+++ Input material
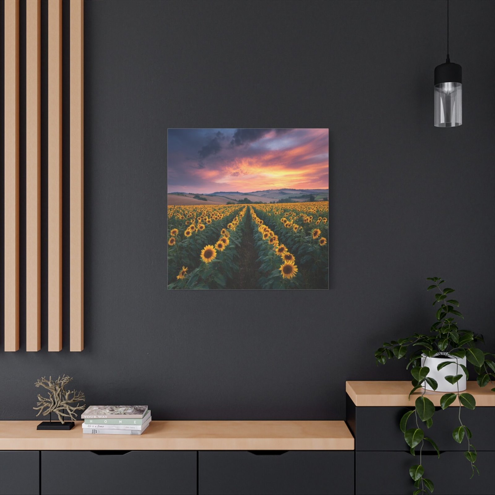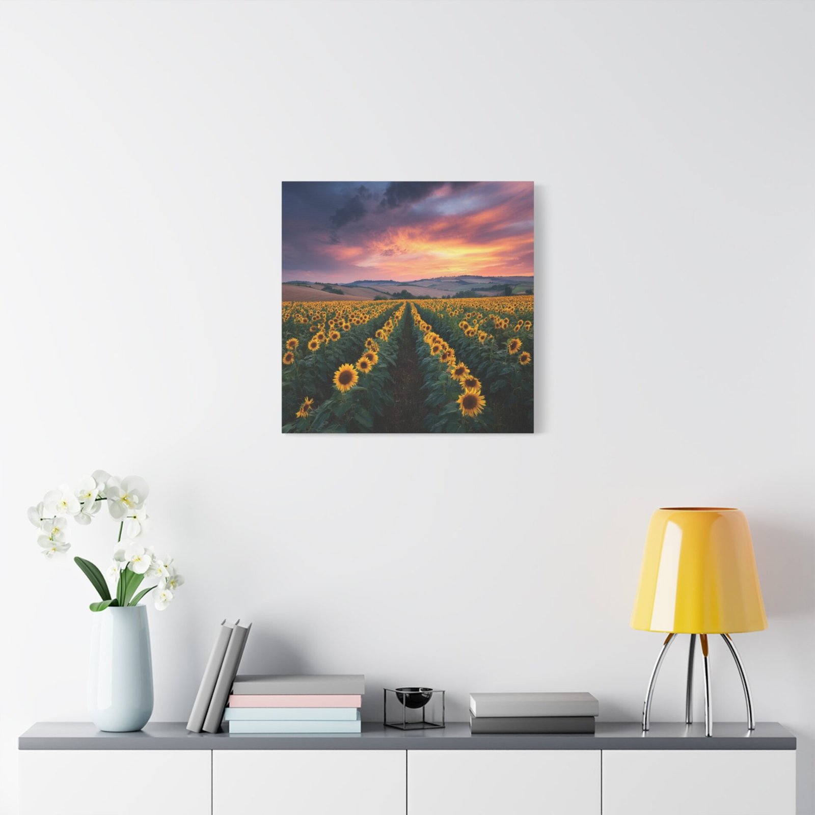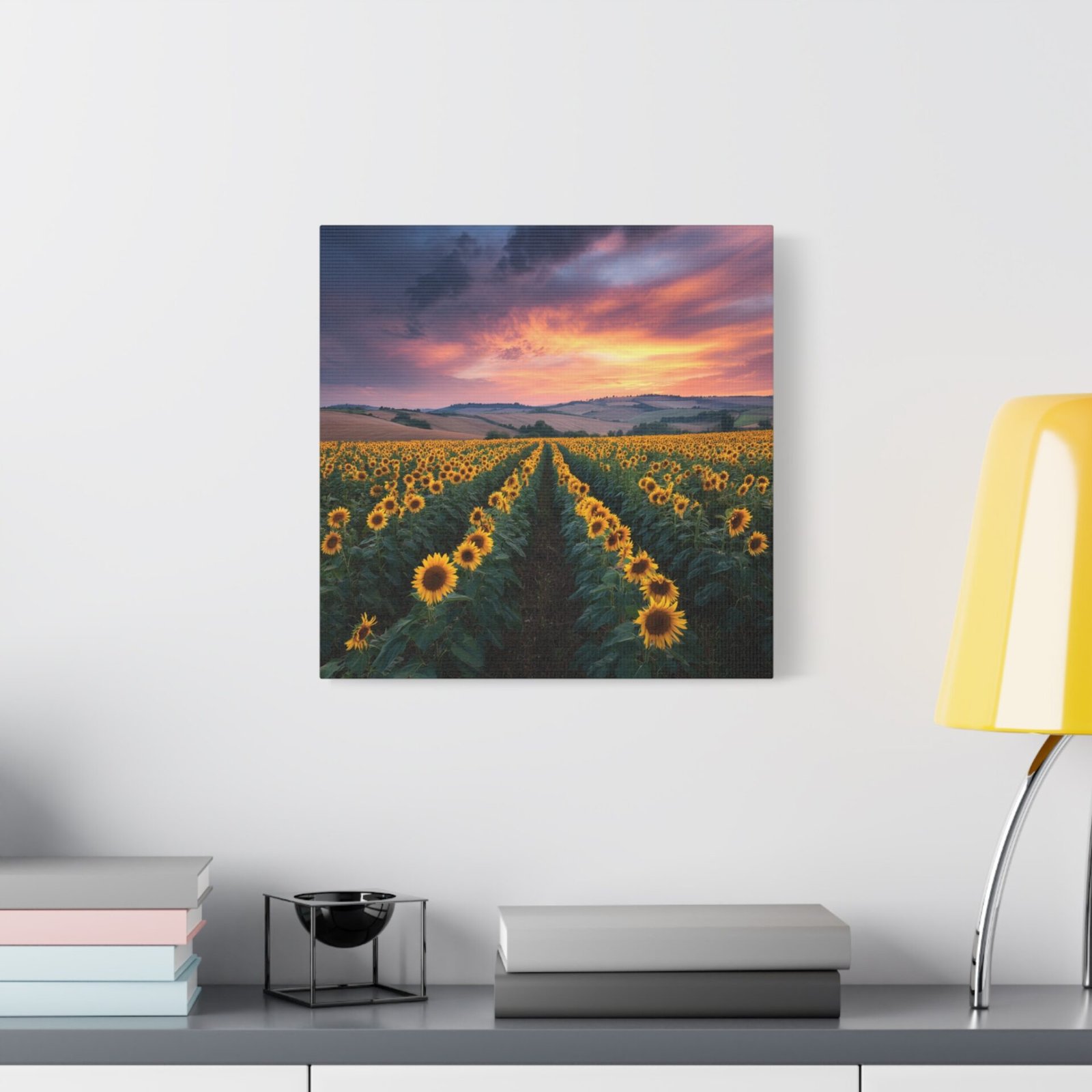 Offrez-vous une évasion visuelle avec ce tableau Paysage Tournesol. Capturée en haute résolution lors de l’heure dorée, cette photographie vous plonge au cœur d’un paysage à couper le souffle. Les rangées infinies de tournesols matures s’étendent vers les collines lointaines, sous un ciel dramatique aux nuages orange et rose. La lumière naturelle crée une profondeur et une texture saisissantes, chaque détail étant capturé avec une clarté photographique parfaite. Les fleurs jaunes vives contrastent avec le riche feuillage vert, offrant une scène pastorale de campagne idyllique.
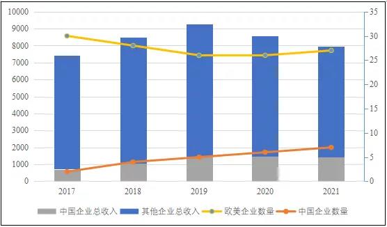 圖2 近年來全球化工50強榜單中國企業數量及收入情況(單位:億美元、個)
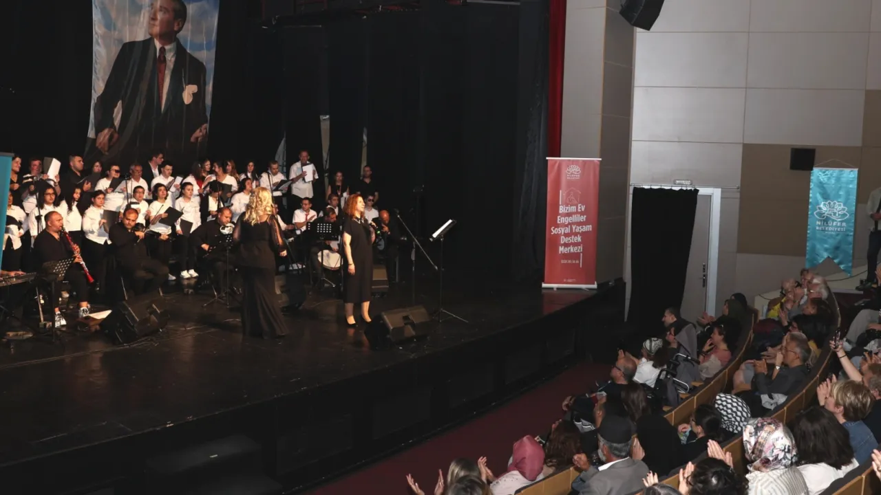 Bursa'da Nilüfer Belediyesi Bizim Ev Engelliler Sosyal Yaşam Destek Merkezi’nde bir yıl boyunca çeşitli alanlarda eğitim alan engelli bireyler, yıl sonu konserinde sahneye çıktı. Yeşilçam şarkıları söyleyen koro, konser sonunda büyük alkış aldı.BURSA (İGFA) - Nilüfer Belediyesi’nin çeşitli atölye ve etkinliklerle, engelli vatandaşlara sosyal yaşama katılma imkanı sunan Bizim Ev Engelliler Sosyal Yaşam Destek Merkezi katılımcıları, yıl sonu gösterisinde sahne aldı.
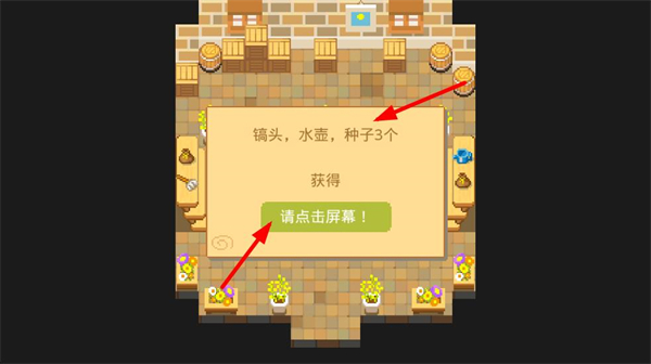 1、會彈出獲得道具的提示,包含鎬頭水壺和3個種子,點擊屏幕即可領取這些道具,開啟農場相關的操作流程。
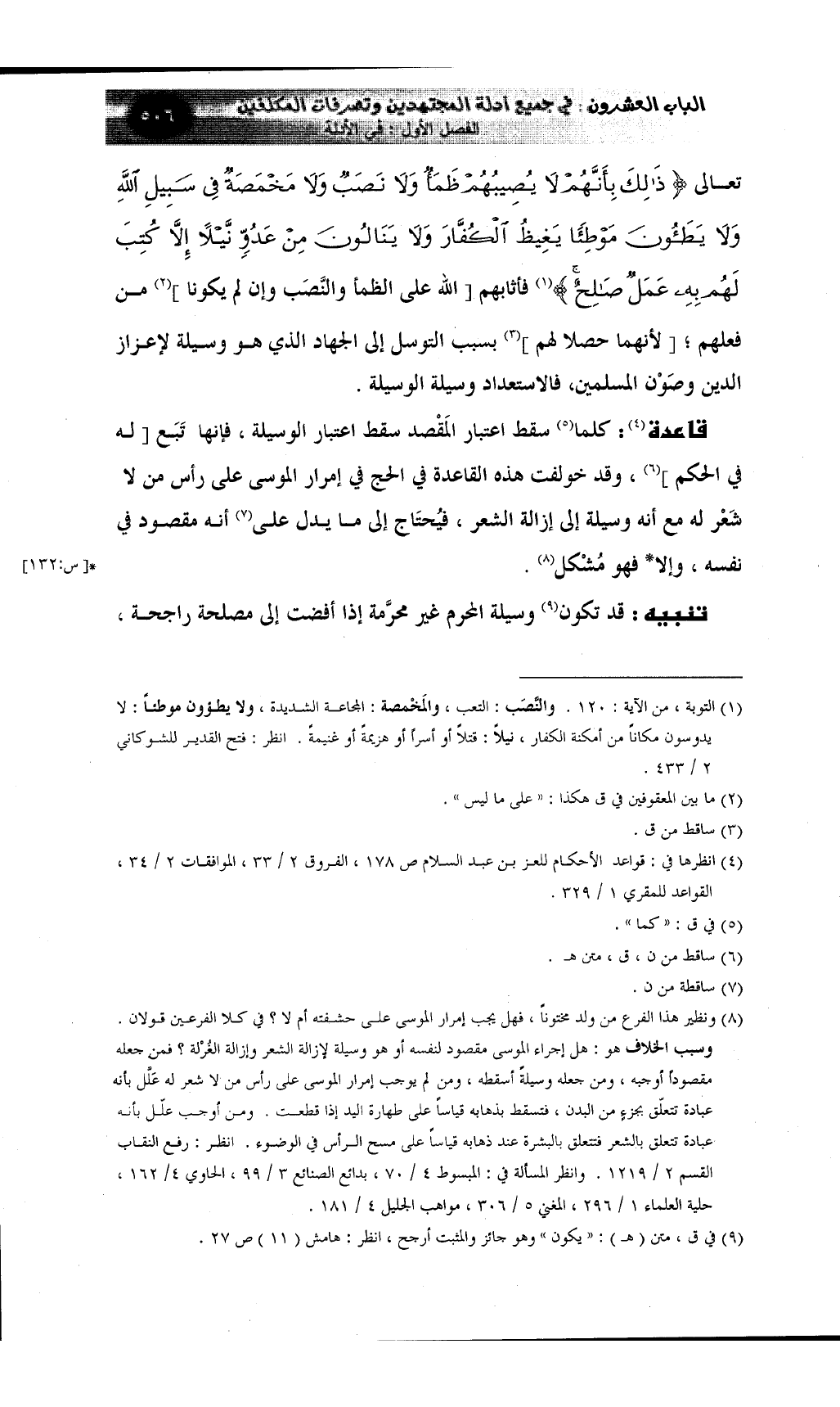 قاعدة (¬4) : كلما (¬5) سقط اعتبار المَقْصد سقط اعتبار الوسيلة، فإنها تَبَع [له في الحكم] (¬6) ، وقد خولفت هذه القاعدة في الحج في إمرار الموسى على رأس من لا شَعْر له مع أنه وسيلة إلى إزالة الشعر، فيُحتَاج إلى ما يدل على (¬7) أنه مقصود في نفسه، وإلا* فهو مُشْكل (¬8) .
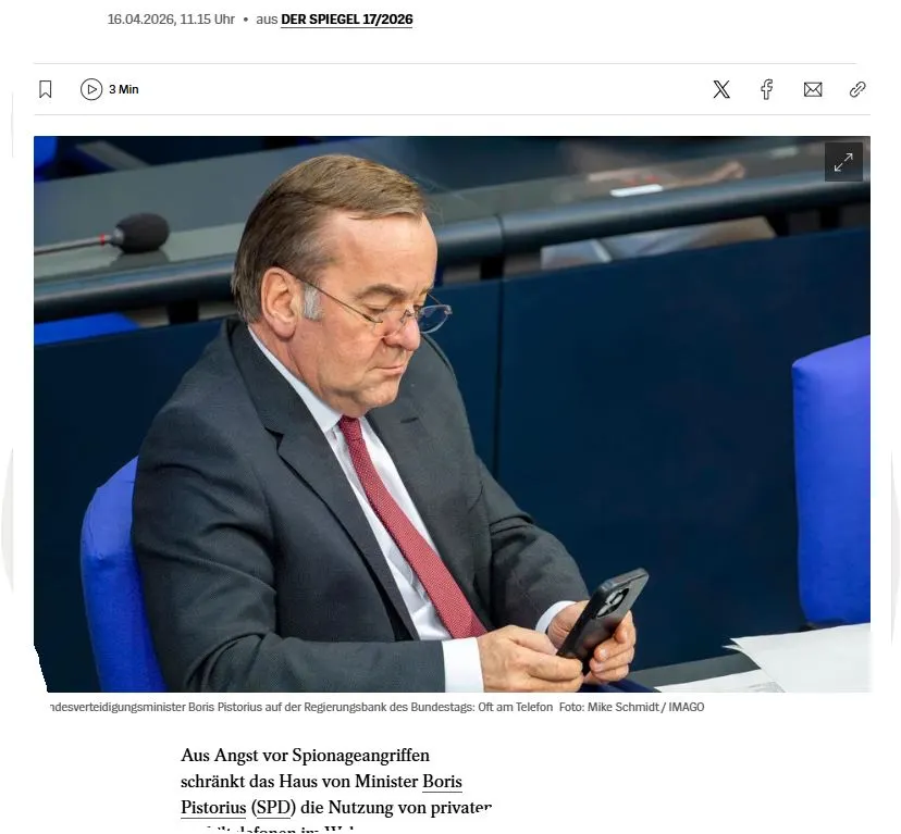 Από φόβο κατασκοπευτικών επιθέσεων, το Υπουργείο Άμυνας, με επικεφαλής τον Υπουργό Μπόρις Πιστόριους (SPD), περιορίζει δραστικά τη χρήση ιδιωτικών κινητών τηλεφώνων στο Υπουργείο και στα γραφεία των Γερμανικών Ενόπλων Δυνάμεων.
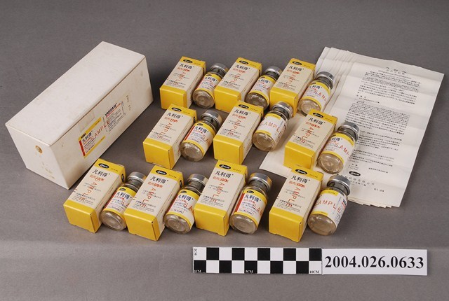 1. 本物件為臺灣氰胺股份有限公司出品凡利得肌肉注射劑。共有2種物品,分別為包裝外盒和注射液。
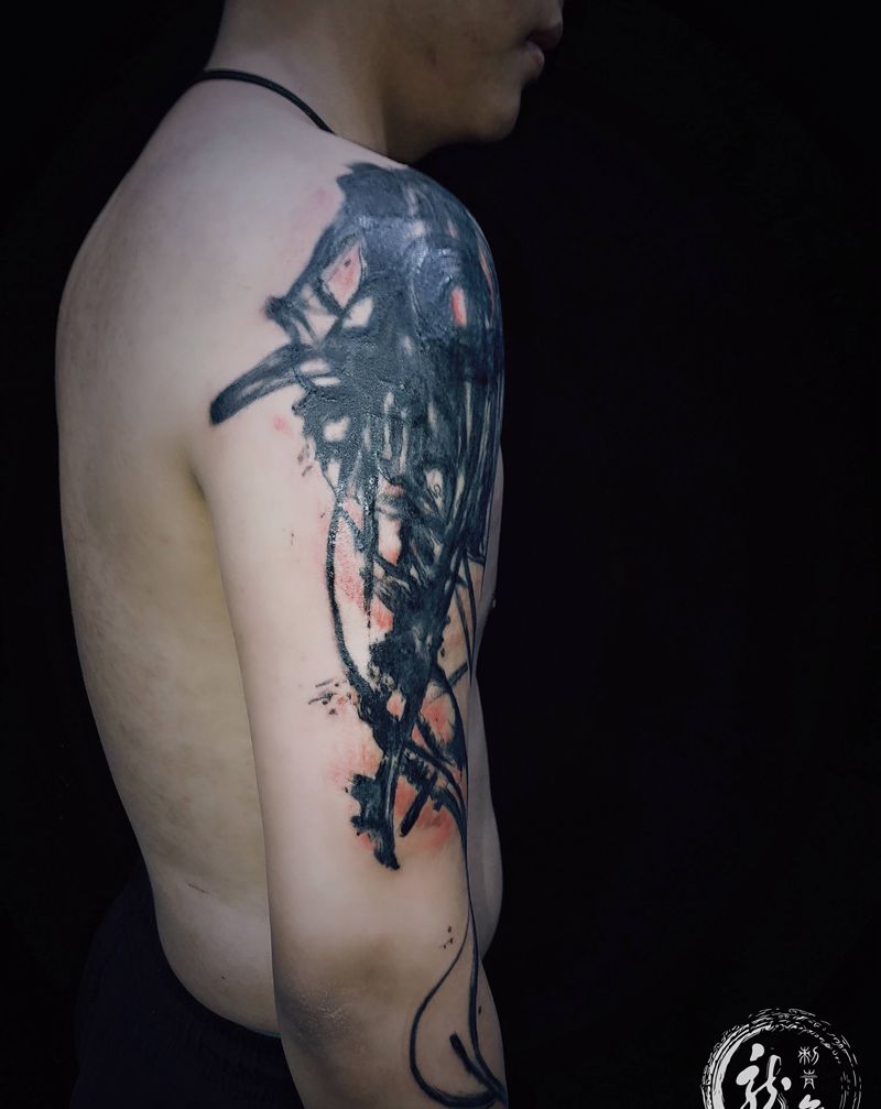 当前位置: 首页 >江苏省无锡市纹身店-无锡龙舞刺青纹身工作室纹身图案>你猜纹身图片_手臂水墨纹身图案
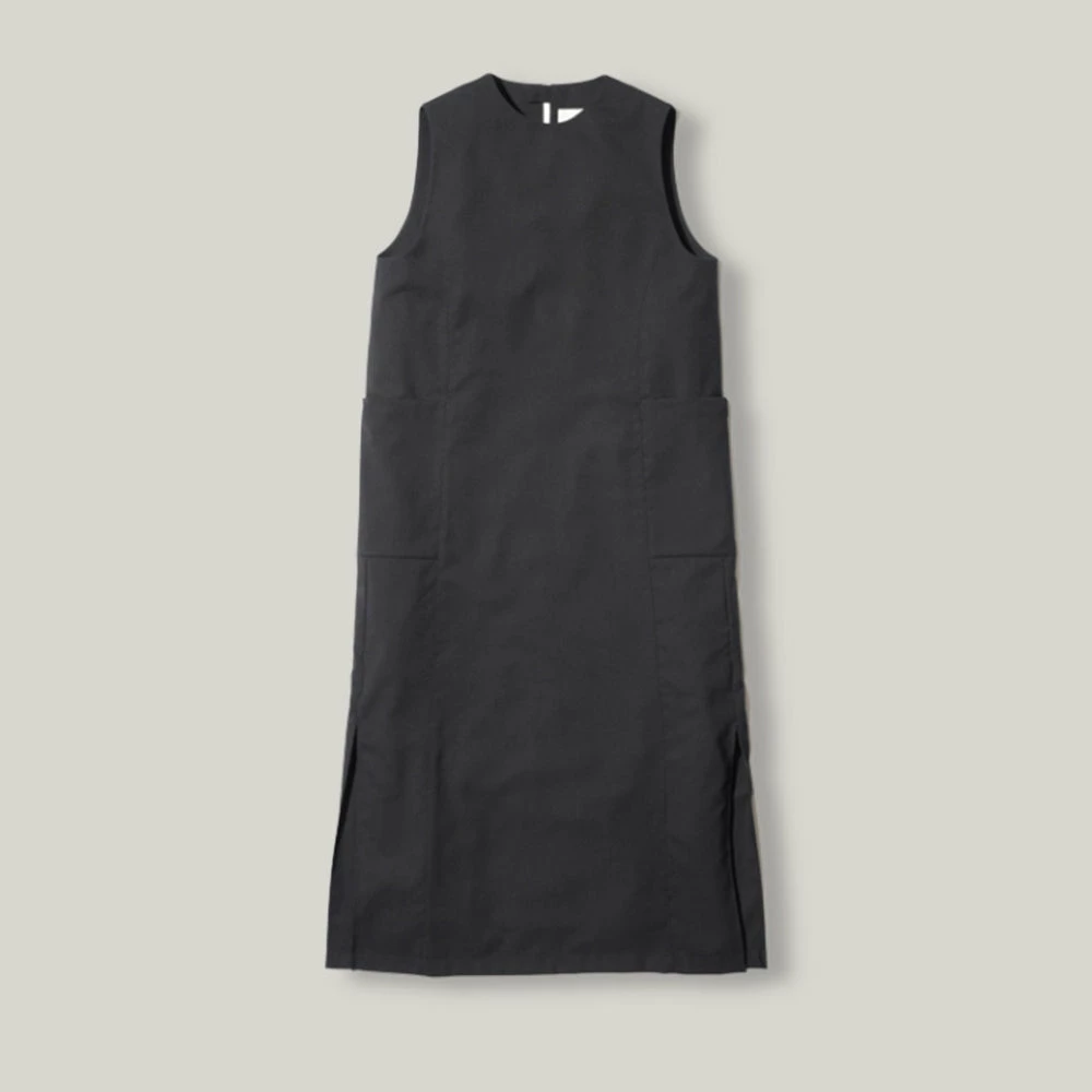 This stunning dress from Snow Peak is both minimal and chic at the same time, made from a hybrid wool fabric that works extremely well and elevates the piece to a whole new level. The fit is relaxed yet fits to the contours of the body, details include single press stud fastening at nape, curved side seams that incorporate two large side pockets, you’ll never to carry a bag again.
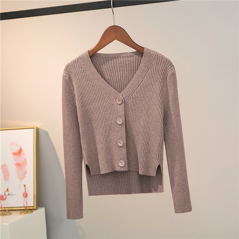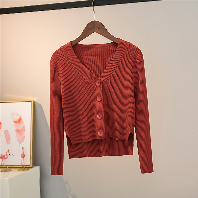 Spring Autumn Loose short section High waist Outer lapped mesh red-knit cardiovert sweatshirt Spring-style sweater jacket Spring dress jacket for women
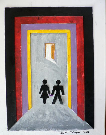 The white frame represents the time when we, as a married couple, were innocent of the disease, and what was about to happen to us. The black stands for the despair that accompanies a cancer diagnosis. The red represents the anger that comes from trying to live a healthy life and still being stricken with this disease. The purple stands for academe and the medical research that may lead not just to a cure, but to prevention as well. The gold is for the hope that springs eternal in every heart. The gray path stands for the uncertainty that is always with those trying to find their way forward to a cure. The bright light spilling out the open door is the hopeful prospect of being able to defeat the disease. The couple, walking hand-in-hand, symbolizes the loving teamwork that makes the difficult journey so much easier to bear.
++++++
Work required =
Everything in the listing above except the pictures should be duplicated exactly.

Response to this task =
 Offrez-vous une évasion visuelle avec ce tableau Paysage Tournesol. Capturée en haute résolution lors de l’heure dorée, cette photographie vous plonge au cœur d’un paysage à couper le souffle. Les rangées infinies de tournesols matures s’étendent vers les collines lointaines, sous un ciel dramatique aux nuages orange et rose. La lumière naturelle crée une profondeur et une texture saisissantes, chaque détail étant capturé avec une clarté photographique parfaite. Les fleurs jaunes vives contrastent avec le riche feuillage vert, offrant une scène pastorale de campagne idyllique.
 圖2 近年來全球化工50強榜單中國企業數量及收入情況(單位:億美元、個)
 Bursa'da Nilüfer Belediyesi Bizim Ev Engelliler Sosyal Yaşam Destek Merkezi’nde bir yıl boyunca çeşitli alanlarda eğitim alan engelli bireyler, yıl sonu konserinde sahneye çıktı. Yeşilçam şarkıları söyleyen koro, konser sonunda büyük alkış aldı.BURSA (İGFA) - Nilüfer Belediyesi’nin çeşitli atölye ve etkinliklerle, engelli vatandaşlara sosyal yaşama katılma imkanı sunan Bizim Ev Engelliler Sosyal Yaşam Destek Merkezi katılımcıları, yıl sonu gösterisinde sahne aldı.
 1、會彈出獲得道具的提示,包含鎬頭水壺和3個種子,點擊屏幕即可領取這些道具,開啟農場相關的操作流程。
 قاعدة (¬4) : كلما (¬5) سقط اعتبار المَقْصد سقط اعتبار الوسيلة، فإنها تَبَع [له في الحكم] (¬6) ، وقد خولفت هذه القاعدة في الحج في إمرار الموسى على رأس من لا شَعْر له مع أنه وسيلة إلى إزالة الشعر، فيُحتَاج إلى ما يدل على (¬7) أنه مقصود في نفسه، وإلا* فهو مُشْكل (¬8) .
 Από φόβο κατασκοπευτικών επιθέσεων, το Υπουργείο Άμυνας, με επικεφαλής τον Υπουργό Μπόρις Πιστόριους (SPD), περιορίζει δραστικά τη χρήση ιδιωτικών κινητών τηλεφώνων στο Υπουργείο και στα γραφεία των Γερμανικών Ενόπλων Δυνάμεων.
 1. 本物件為臺灣氰胺股份有限公司出品凡利得肌肉注射劑。共有2種物品,分別為包裝外盒和注射液。
 当前位置: 首页 >江苏省无锡市纹身店-无锡龙舞刺青纹身工作室纹身图案>你猜纹身图片_手臂水墨纹身图案
 This stunning dress from Snow Peak is both minimal and chic at the same time, made from a hybrid wool fabric that works extremely well and elevates the piece to a whole new level. The fit is relaxed yet fits to the contours of the body, details include single press stud fastening at nape, curved side seams that incorporate two large side pockets, you’ll never to carry a bag again.
 Spring Autumn Loose short section High waist Outer lapped mesh red-knit cardiovert sweatshirt Spring-style sweater jacket Spring dress jacket for women
 The white frame represents the time when we, as a married couple, were innocent of the disease, and what was about to happen to us. The black stands for the despair that accompanies a cancer diagnosis. The red represents the anger that comes from trying to live a healthy life and still being stricken with this disease. The purple stands for academe and the medical research that may lead not just to a cure, but to prevention as well. The gold is for the hope that springs eternal in every heart. The gray path stands for the uncertainty that is always with those trying to find their way forward to a cure. The bright light spilling out the open door is the hopeful prospect of being able to defeat the disease. The couple, walking hand-in-hand, symbolizes the loving teamwork that makes the difficult journey so much easier to bear.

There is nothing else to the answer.